■ **Problem to solve**:
Locate the line containing "Рис. 7. Назар-3. Менгир", then please write out that line and all the lines below it in the entries exactly.

Stored items
-- -- --

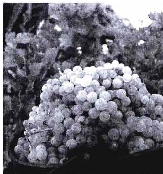
C.R.D.O. "La Mancha".

En cualquier caso la cosecha es sumamente corta y los cálculos presentados por nuestro país en Bruselas (con base la mencionada estimación de octubre, de 20,45 millones de Hl producidos) quedan de esta forma:
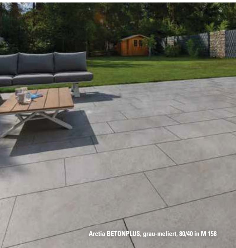
Arctia BETONPLUS, grau-meliert, 80/40 in M 158
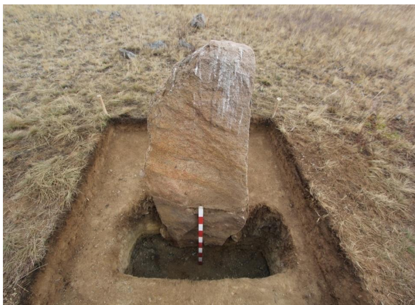
Рис. 7. Назар-3. Менгир

В ареале тасмолинской культуры с курганами связаны также и жертвенники. Они имеют округлую или овальную форму. Их диаметры чаще от 1,5 м до 3–4 м. Иногда они содержат предметы конской узда [16] как свидетельства проведённого обряда жертвоприношения лошади. Тасмолинские околокурганые жертвенники, изваяния, культовые камни в виде менгиров и стел генетически связаны с предшествующей культурой бегазы-дандыбаевской эпохи Центрального Казахстана [17, с. 27–28; 18]. В эпоху поздней бронзы, как и в андроновское время, в степях Центрального Казахстана были широко распространены и каменные жертвенники, и многочисленные культовые камни [19; 20].

-- -- --

■ **Solution to the problem**:
Рис. 7. Назар-3. Менгир

В ареале тасмолинской культуры с курганами связаны также и жертвенники. Они имеют округлую или овальную форму. Их диаметры чаще от 1,5 м до 3–4 м. Иногда они содержат предметы конской узда [16] как свидетельства проведённого обряда жертвоприношения лошади. Тасмолинские околокурганые жертвенники, изваяния, культовые камни в виде менгиров и стел генетически связаны с предшествующей культурой бегазы-дандыбаевской эпохи Центрального Казахстана [17, с. 27–28; 18]. В эпоху поздней бронзы, как и в андроновское время, в степях Центрального Казахстана были широко распространены и каменные жертвенники, и многочисленные культовые камни [19; 20].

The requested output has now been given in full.